Risk Factors for Depression
Highly plausible risk factors for depression include:
Age. The risk of dysthymia increases with age until age 65, at which time there is a marked decrease (Bland 1997; Horwath and Weissman 1995; Keller 1994).
Culture. Although rates of dysthymia generally are similar across cultures, this finding is not universal. There is some evidence to suggest that rates of depressive symptoms and patterns of gender differences vary across cultures, especially when developed and developing countries are compared (Nolen-Hoeksema 1990, cited in Culbertson 1997). The conceptualization, assessment, and diagnosis of depression and dysthymia in terms that are universally acceptable continue to pose a problem in cross-cultural comparisons (Culbertson 1997).
Female Gender. A higher rate of depressive symptoms in females is one of the most robust findings in depression research. Although rates vary, a ratio of 2 : 1 for both major depression and dysthymic disorder is commonly accepted (Angst 1997; Culbertson 1997; Sprock and Yoder 1997).

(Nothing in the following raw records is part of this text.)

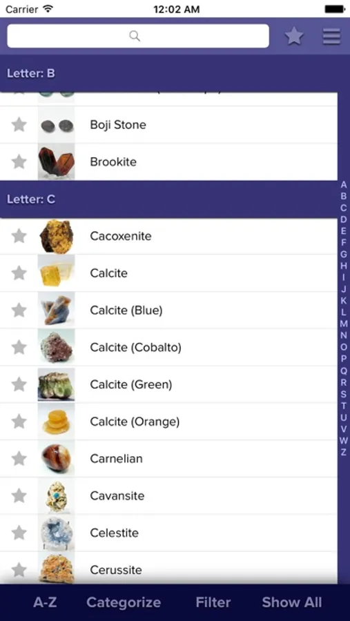 Favorites feature lets you keep track of your favorite minerals and crystals for easy access.
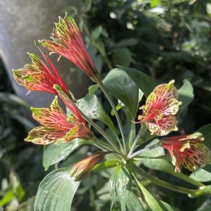 おはようございます😃 椿の木の下で、今頃アルストロメリア・プルケラが咲いています。
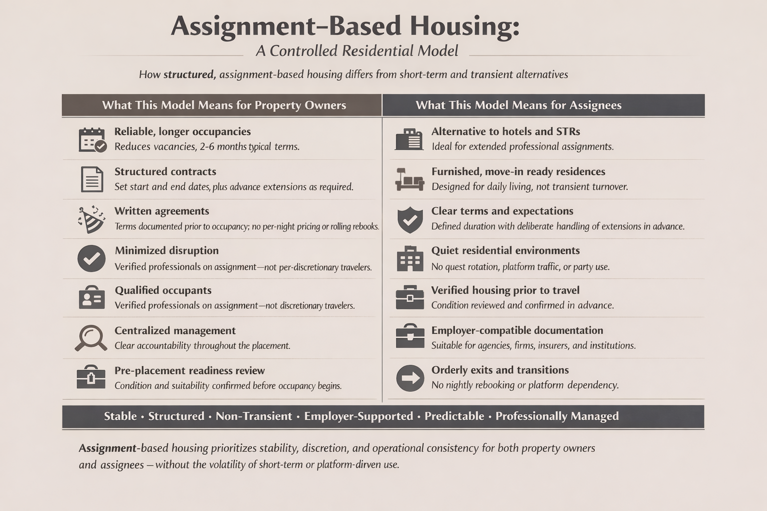 For property owners, assignment-based housing offers extended occupancy under clear parameters that reduce churn and protect the asset. For occupants—such as government personnel, healthcare professionals, attorneys, consultants, and corporate assignees—it provides quiet, work-ready housing supported by formal documentation, consistent management, and orderly transitions at assignment conclusion.
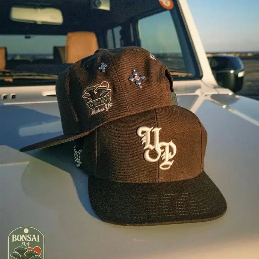 MADE IN YP x CRIB PHAT -BONSAI CAP-은 프론트에 YP 로고를 아이보리 컬러로, 사이드에는 MADE IN YP의 인기 모티브인 본사이 로고를 자수로 표현하여 일본 특유의 에센스를 담은 세련된 디자인이 특징인 캡입니다.
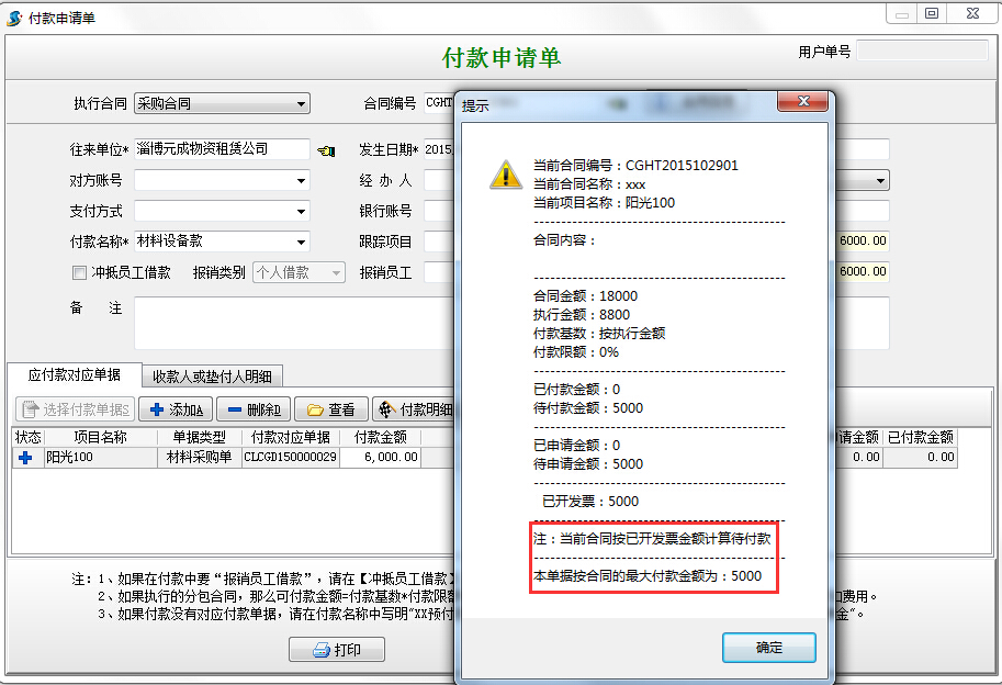 現(xiàn)在針對該采購合同進行付款,根據(jù)軟件控制,最大可付金額為發(fā)票金額5000,超過5000,軟件會有超付提示,并且并且付款申請單或者付款單不能保存。如下圖:
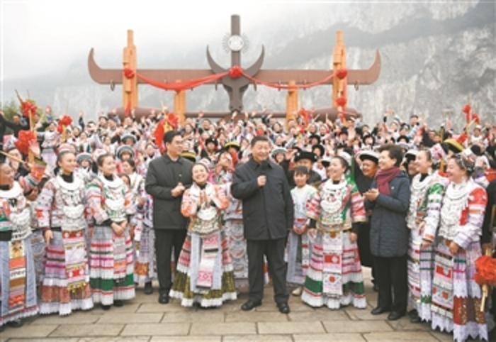村文化广场上,乡亲们正在开展春节民俗活动,打起鼓、吹芦笙,载歌载舞,唱起了欢快的苗家迎客歌。看到总书记来了,大家齐声欢呼“总书记好”。习近平亲切地对乡亲们说,今年我们将迎来全面建成小康社会、实现第一个百年奋斗目标的伟大胜利。中华民族是个大家庭,五十六个民族五十六朵花。全面建成小康社会,一个民族不能落下;全面建设社会主义现代化,一个民族也不能落下。脱贫之后,要接续推进乡村振兴,加快推进农业农村现代化。希望乡亲们继续努力奋斗,把乡村产业发展得更好,把乡村建设得更美。临别时,乡亲们依依不舍簇拥着总书记,齐唱苗家留客歌,深情的歌声在乌江上空久久回荡。
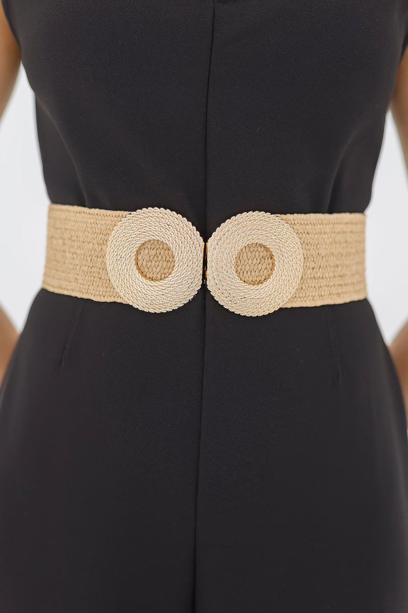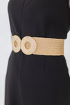 Tessa Gold Buckle Straw Waist Belt Taupe

Genetics. A link has been established between genetics and the development of depression. Potential genetic markers have been identified that are associated with the development of mood disorders.
Marital Status. Individuals who are divorced or separated show higher rates of depressive symptoms compared to those who are married or never have been married (Bland 1997; Horwath and Weissman 1995).
Poor Mental Health. Having mild-to-moderate depression (dysthymia) increases the likelihood of major depression. (Bland,1997; Horwath and Weissman 1995).
Poor Physical Health. High rates of depression are related to poor health in general (Burvill 1995), as well as to specific illnesses such as cancer, hypothyroidism, and Cushing's syndrome.
Substance Use or Abuse. Depression often co-occurs with substance abuse. The prevalence of dual diagnosis (also known as comorbidity) between dysthymia and substance abuse is approximately 18% (Maser, Weise, and Gwirtsman 1995).